Field | Type | Description |
---|---|---|
entry | models.ForeignKey(Entry, on_delete=models.CASCADE, related_name='enclosures') | Forign key to it's source Entry |
length | models.IntegerField(default=0) | how long is this media |
href | models.CharField(max_length=512) | The url link to the media |
type | models.CharField(max_length=256) | a string describing the media type: "audio", "vidio", "youtube", etc |
medium | models.CharField(max_length=25, null=True, blank=True) | file extention |
description | models.CharField(max_length=512, null= True, blank=True) | Text description of the media |
To conserve resources with large feed lists, the app will adjust how often it polls feeds based on how often they are updated. The fastest it will poll a feed is every hour. The slowest it will poll is every 24 hours.
Feeds that don't get updated are polled progressively more slowly until the 24 hour limit is reached. When a feed changes, its polling frequency increases.
You will need to decided how and when to run the poller. When the poller runs, it checks all feeds that are currently due. The ideal frequency to run it is every 5 - 10 minutes.
Set up a job that calls python manage.py refreshfeeds
on your desired schedule.
Be careful to ensure you're running out of the correct directory and with the correct python environment.
Create a new celery task and schedule in your app (see the celery documentation for details). Your tasks.py
should look something like this:
from celery import shared_task
from feeds.utils import update_feeds
@shared_task
def get_those_feeds():
# the number is the max number of feeds to poll in one go
update_feeds(30)
The app does not (currently) track the read/unread state of posts within a feed. That will need doing in your project according to your needs.
The app assumes that each feed only has one subscriber that is the project itself. If your project can allow personal subscriptions for individual users, you can let the app know on per feed basis how many subscribers it has by settings num_subs
on a Source
object.
The app will then report this via the user agent to the feed source for analytics purposes.
Depending on where you run your server, you may run into problems with Cloudflare's web captcha. Plenty of sites out there set up their Cloudflare to have default security on their RSS feed and this can block server-side RSS readers.

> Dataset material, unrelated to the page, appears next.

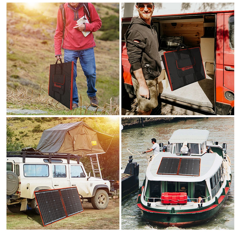 El diseño plegable es uno de los grandes atractivos de este modelo. Con unas dimensiones de 53 x 49 x 2,8 cm cuando está plegado, resulta fácil de transportar y almacenar. Al desplegarse, alcanza un tamaño de 195 x 53 x 0,6 cm, ofreciendo una superficie amplia para captar la energía solar. Su peso neto de 3,3 kg y el peso total del paquete de 4,5 kg lo convierten en un equipo ligero y manejable, ideal para quienes necesitan movilidad sin renunciar a la potencia.

It's a huge pain and affects lots of self-hosted RSS readers. Seriously, Google it.
django-feed-reader
will do it's utmost to get these feeds anyway through the judicious use of public proxy servers, but is haphazard and you cannot rely on the scheduling of such feeds.
Feeds blocked by Cloudflare will have the is_cloudflare
flag set on their Source
and will update on a best-efforts basis.